Lawrence Herman DMSc, MPA, PA-C
In the March 2020 issue of Annals of Oncology, Liu and colleagues detailed a 'sensitive and specific multi-cancer detection and localization using methylation signatures in cell-free DNA' circulating in blood. This test is now entering clinical practice in a limited number of healthcare systems, and it is important that clinicians understand the risks and limitations associated with the test.
The Galleri test, expected to cost approximately $1000, is intended for patients who are at an increased risk of cancer, such as those 50 years of age or older; it is intended to be used as a complement to existing screening and can detect up to 50 different cancers. It is not yet FDA-approved, but developers expect it to be approved in the second half of 2021. The concept is to detect methylation patterns using cell-free DNA circulating in blood, which can then identify the tissue of origin with a 93% accuracy in samples with cancer-like signals. Liu and colleagues trialed 6689 participants, 2482 of whom had identified cancers. The study results revealed a 99.3% specificity (95% CI), a false-positive rate of 0.7%, and a 54.9% sensitivity in stage I to IV across all cancer types. The higher the stage of the cancer, the greater the sensitivity.

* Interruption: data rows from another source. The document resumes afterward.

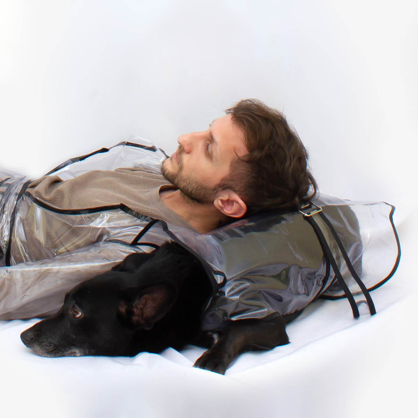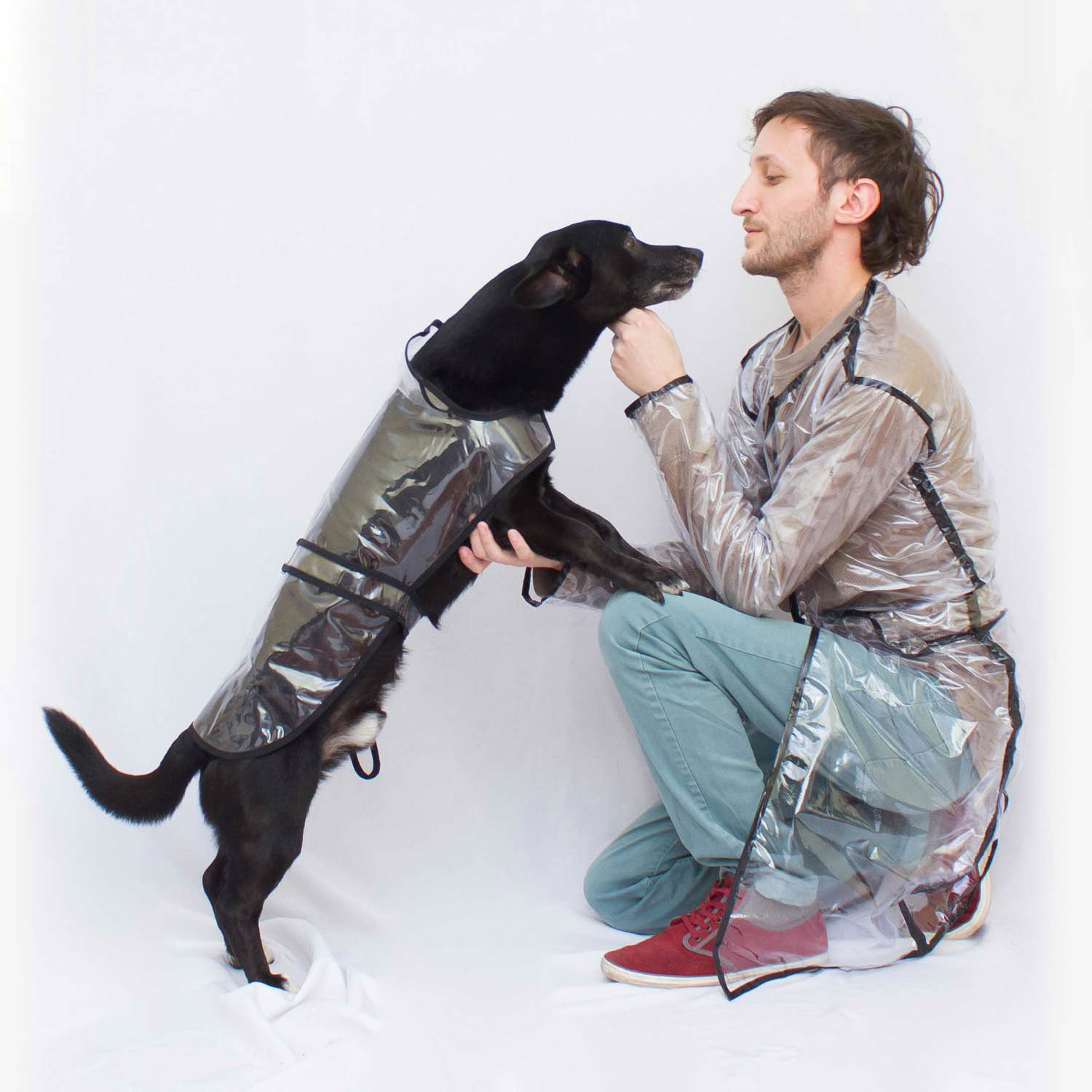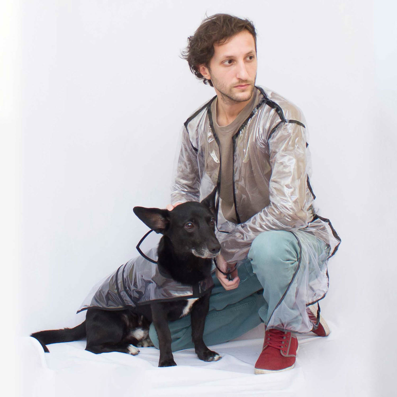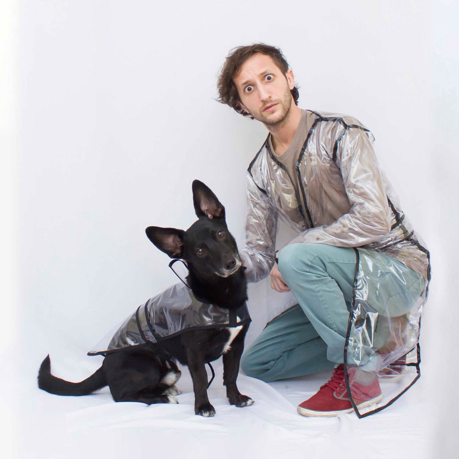 Un día de lluvia le compré un piloto para poder pasearlo sin que se moje y quedé enamorado de cómo le quedaba, con ese cuellito y ese cinturoncito. Por eso decidí armarme un piloto similar al suyo y busqué en Internet hasta que conseguí 2 metros de tela de plástico PVC cristal. Con eso, una abrochadora y cinta aisladora negra, pude hacer este piloto de lluvia moderno, para poder estar a tono con el modelo original de Gannikus.
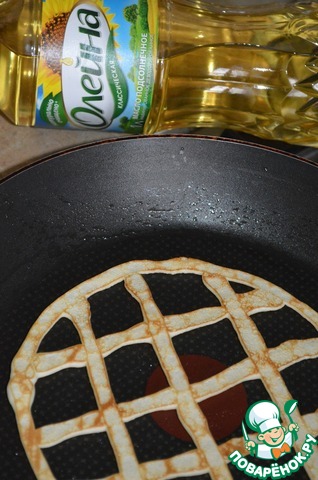 Печем "Ажурные" блинчики. В этом нет никакой сложности, только несколько советов. Тесто не должно быть слишком жидкое и в нем недолжно быть комочков, иначе они будут забивать дырочку, через которую выливается тесто, ну и конечно использовать подходящее масло для жарки "Олейна". Можно конечно испечь обычные блинчики и завернуть в них начинку, но согласитесь так интереснее.
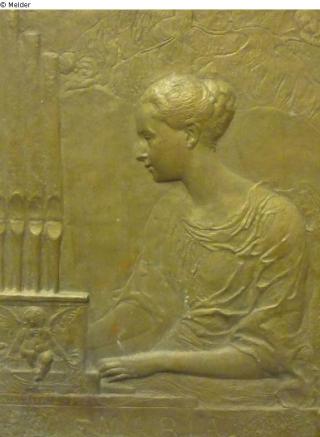 Fundmeldung Maria (Frau vor Orgel) Hersteller/Künstler:in Bärwald Objektart Kunsthandwerk / -gewerbe Material / TechnikMetall (Kupfer) ; Metall (Messing) [?] / getriebenLost Art-ID521711
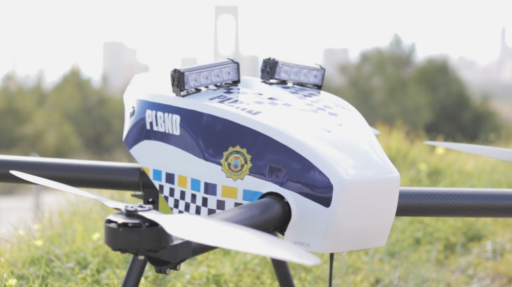 The setting of HYBRiX POLICE UAV (Unmanned Aerial Vehicle) includes an advanced EO/IR camera with 30x zoom on a three-axis gimbal, and a transponder system to coordinate with Air Traffic Control Authorities. Such configuration will enable the Police Aerial Unit to increase the safety and protection of the citizens of Benidorm in areas were it was not possible to provide a fast response before.
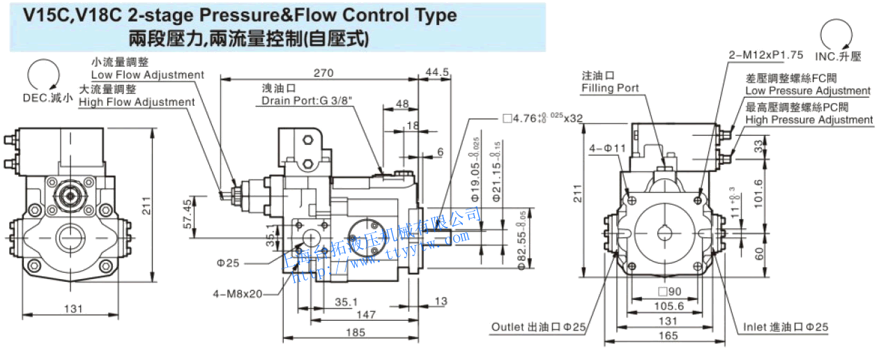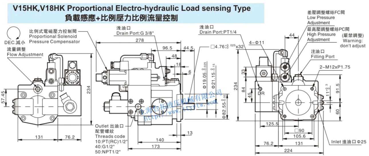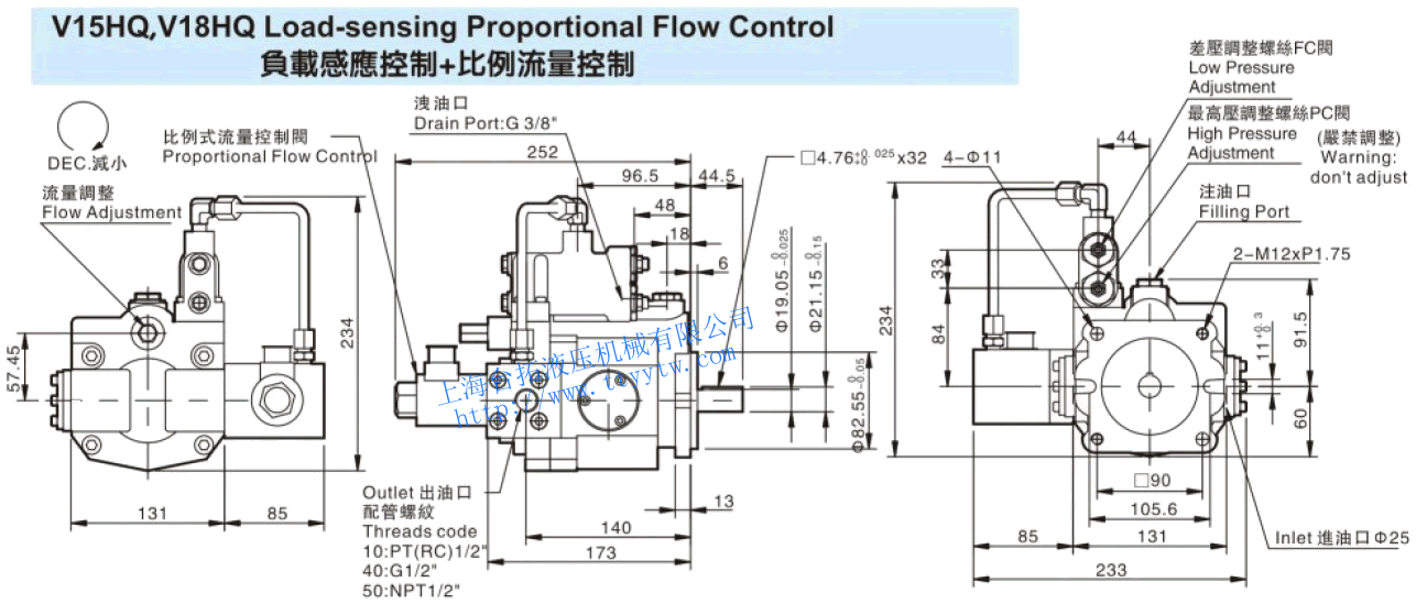 變量柱塞泵V15HK,V18HK尺寸圖下載 變量柱塞泵V15HQ,V18HQ尺寸圖下載
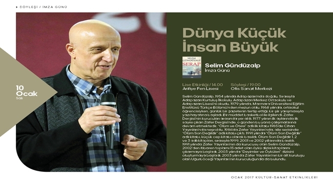 Sakarya Büyükşehir Belediyesi Ocak kültür sanat Etkinlikleri ‘Dünya Küçük İnsan Büyük’ konulu söyleşi ve imza günü programı ile devam edecek. 10 Ocak Salı günü ilk olarak saat 14.00’da Arifiye Fen Lisesi öğrencileriyle bir araya gelecek olan Selim Gündüzalp, günün bir diğer etkinliğinde saat 19.00’da Ofis Sanat Merkezi’nde sevenleri ile buluşacak. Kültür ve Sosyal İşler Dairesi Başkanlığından yapılan açıklamada, “Tüm hemşerilerimiz programlarımıza davetlidir” denildi.
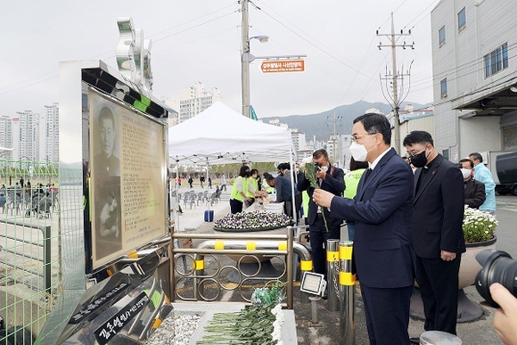 경남 창원시는 지난 11일 김주열 열사 시신인양지에서 (사)김주열열사기념사업회 주관으로 '김주열 열사 추모식'이 열렸다고 밝혔다.
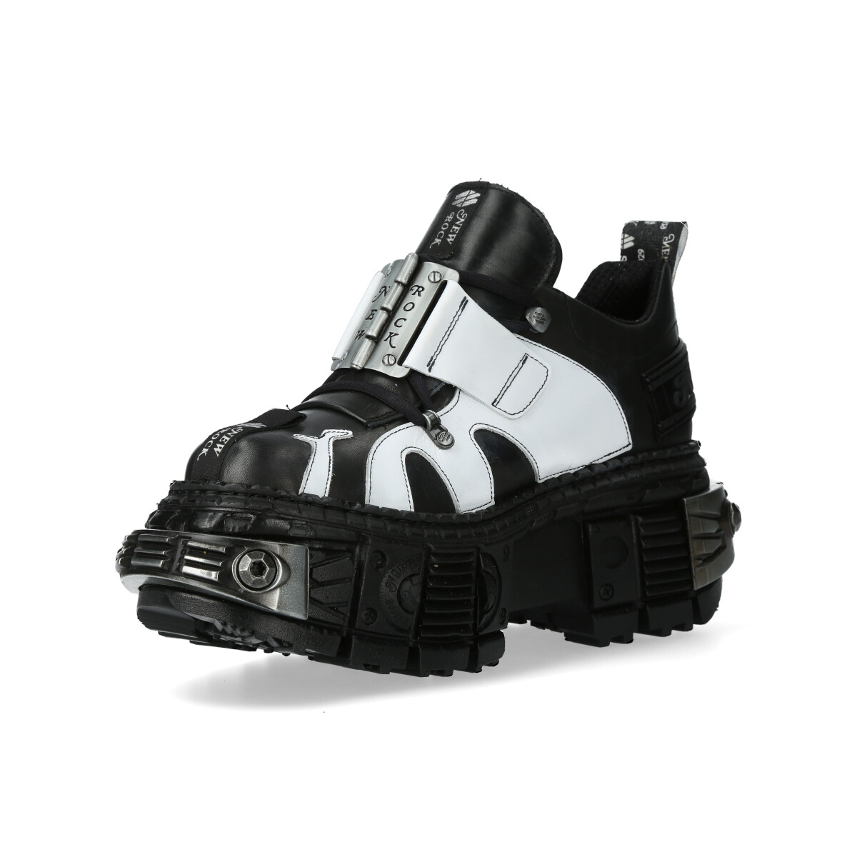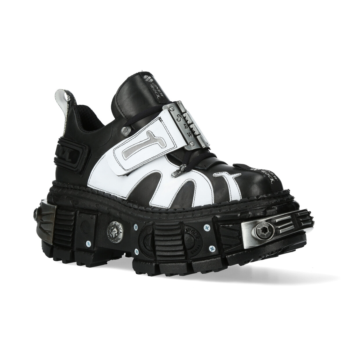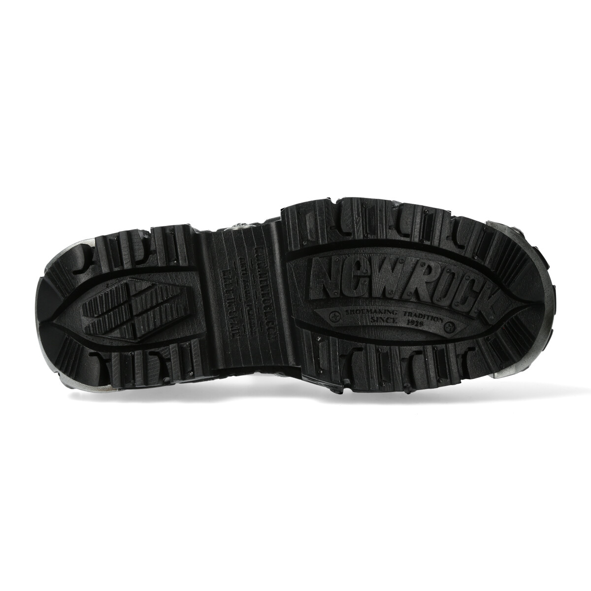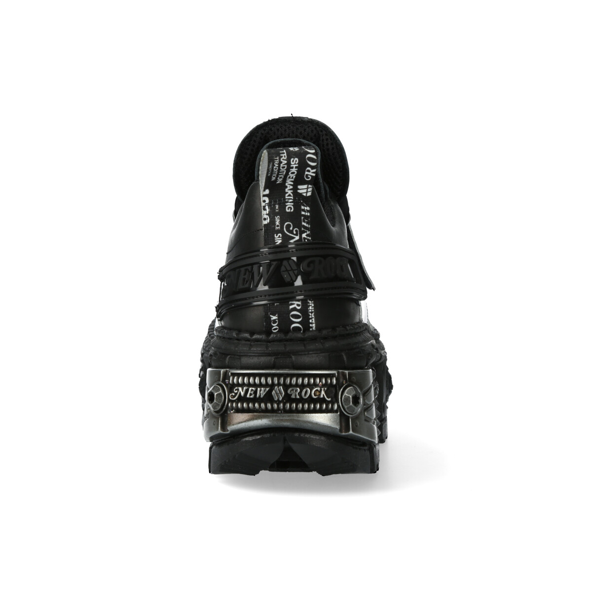 Эффектные кроссовки New Rock чёрного цвета из натуральной кожи для взрослых, модельные, унисекс. Застежка - липучка. Массивная подошва чёрного цвета New Rock Wall из полиуретана. На пятке кроссовка находится пластиковое украшение с названием бренда чёрного цвета. На подошве имеются металлические накладки.
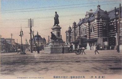 | Keywords: Manseibashi Station Tokyo.jpg en Bronze Statue of Commander Hirose Takeo in Manseibashi Station in Tokyo ja 京名 萬世橋 車場と廣 中佐銅像 between 1912 1923 before 1945 <br/>Note Manseibashi Station was opened in 1912 as brick building however it was destroyed in 1923 by 1923 Great Kantō earthquake Great Kantō earthquake http //kokoronoiori cocolog-nifty com/blog/2010/09/post-e545 html こころの居間・ author PD-Japan-oldphoto Uploaded with UploadWizard Manseibashi Station History of Tokyo Postcards of Tokyo Statues in Tokyo Takeo Hirose Sugino Magoshichi 1912 in Akihabara Akihabara in the 1910s Akihabara in the 1920s 1923 in Akihabara |
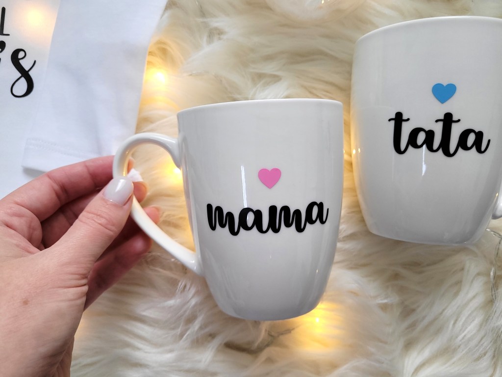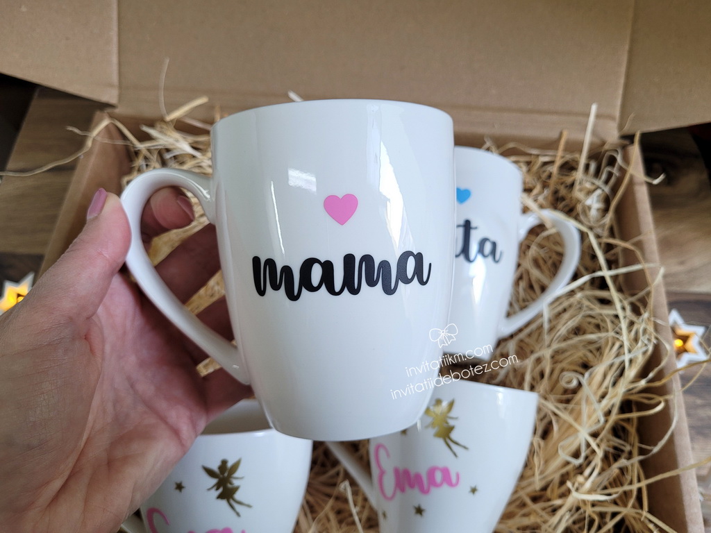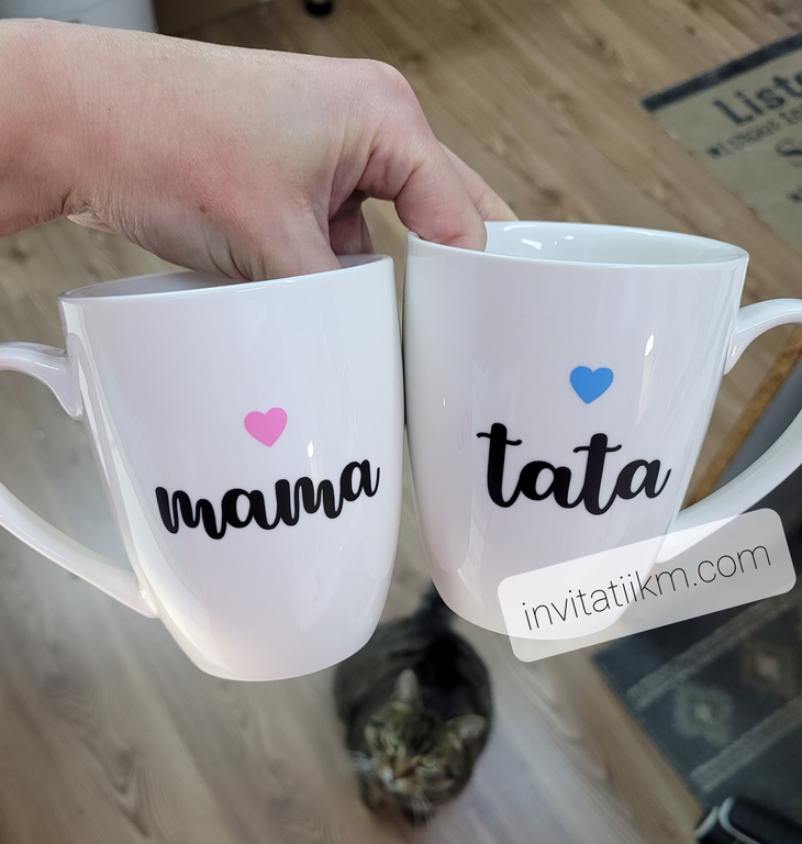 - doua cani din ceramica de 200-300 ml, in functie de culoare/stoc, personalizate cu vinil
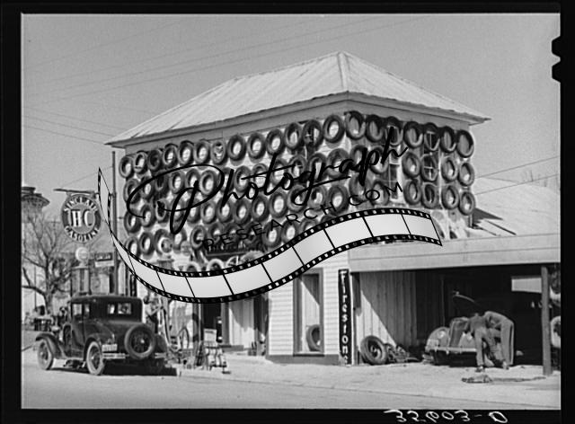 Title: Secondhand tires displayed for sale. San Marcos, Texas
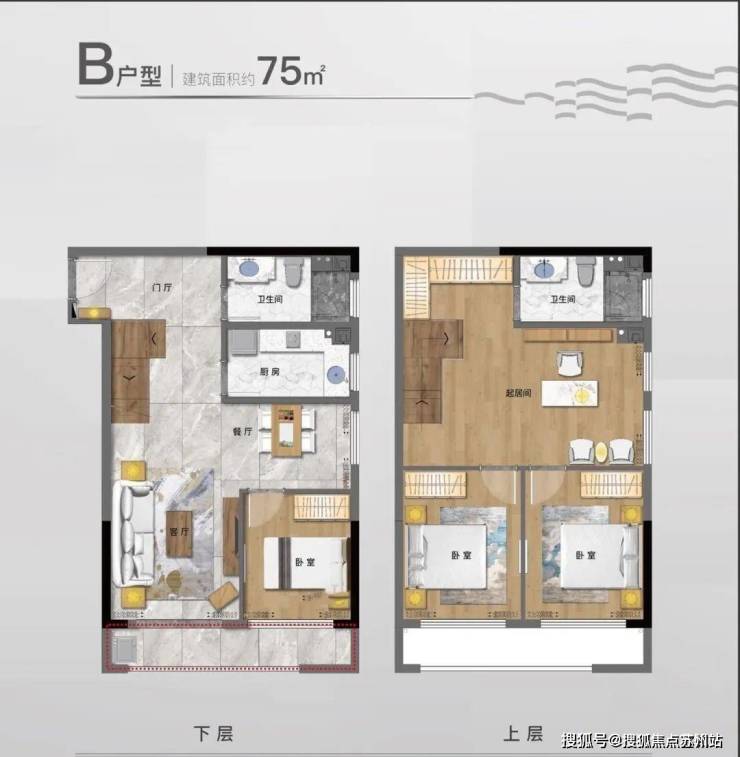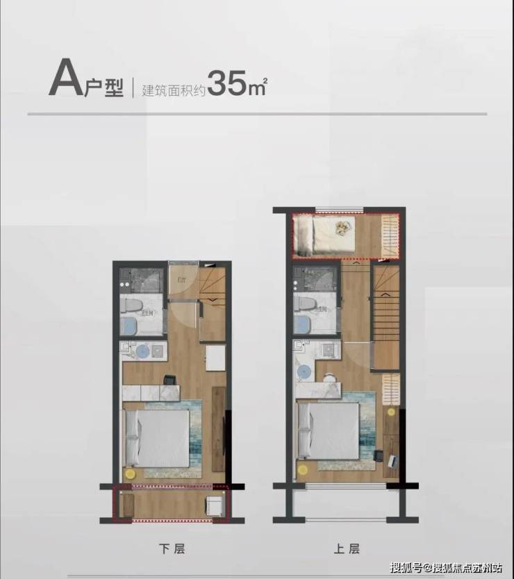 主力户型为4.79米层高的35㎡双钥匙Loft,上下两层可实现独门独户,买一套房用两套,具备多重投资价值。
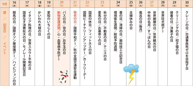 2015年9月の後半に実施される国民的イベントや記念日を調べてみました。企業や店舗、自治体の集客プロモーションや販促キャンペーンに記念日を活用しましょう。秋冬商戦、防災の日・敬老の日。秋の訪れを告げるフェア展開で来店促進。

The idea of screening and locating a cancer from a venipuncture is what some might describe as the 'Holy Grail' of preventive screening. However, there remain at least 3 concerns with respect to this test. The first is that the goal of any cancer screening test is to identify the cancer as early as possible, increasing the likelihood of a positive treatment outcome; discovering a late-stage cancer largely obviates the purpose of the screening test. The test has a 43.9% sensitivity in stage I to III cancers, which presents a problem in the fact that a negative result can provide a false sense of security in those with the limited number of cancers detected by the Galleri test.
Secondly, the test does not provide data on other types of cancers not included in its testing. Patients may subsequently decline standard-of-care screenings that could detect an undetected cancer, delaying diagnosis and reducing the likelihood of a positive outcome.
And thirdly, a 0.7% false-positive rate, while small, would trigger not only significant psychological distress on the part of the patient and family, but will result in significant imaging and invasive testing—both short-term and ongoing—to attempt to rule out that false-positive. It is almost impossible to prove a negative. Should this exhaustive additional testing identify no cancer, it is likely that the patient would still experience lasting psychological distress.
Cancer screenings present complex decisions for both the individual patient and population health. These decisions involve sensitivity, specificity, cost, and other factors. This complexity is but one reason why we have recommendations from the United States Preventive Services Taskforce. Currently, I believe that the risks outweigh the benefits for this new test.